• _WHAT IS NEEDED_
Restate every line of the data word for word, except for the images.

• _INPUT MATERIAL_
★ ★ ★ ★

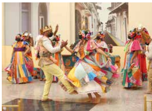
Grupo Proyecciones Escénicas Patria
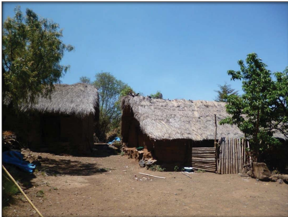
Vivienda en la Comunidad Campesina de Roccoto Cedrone foto tomada el 10/10/2016
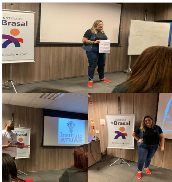
Workshop Elaboração de projetos e Captação de recursos - promovido pelo Instituto Brasal - Abril de 2023
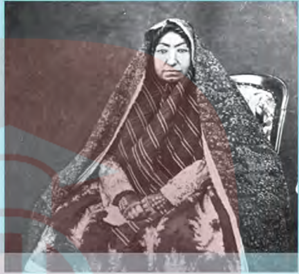
مهدعلیا (۱۲۲۰-۱۲۹۰ق)، مادر ناصرالدین شاه، از زنان بانفوذ دربار قاجار
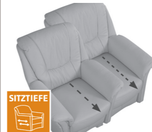
2 Sitztiefen zur Auswahl Sitztiefe L (53cm) oder Sitztiefe K (48cm)
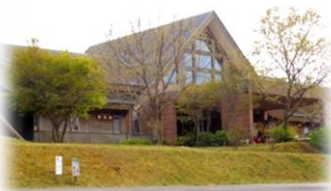
宿泊研修施設 てんがら館

★ ★ ★ ★

• _ANSWER SECTION_
Grupo Proyecciones Escénicas Patria
Vivienda en la Comunidad Campesina de Roccoto Cedrone foto tomada el 10/10/2016
Workshop Elaboração de projetos e Captação de recursos - promovido pelo Instituto Brasal - Abril de 2023
مهدعلیا (۱۲۲۰-۱۲۹۰ق)، مادر ناصرالدین شاه، از زنان بانفوذ دربار قاجار
2 Sitztiefen zur Auswahl Sitztiefe L (53cm) oder Sitztiefe K (48cm)
宿泊研修施設 てんがら館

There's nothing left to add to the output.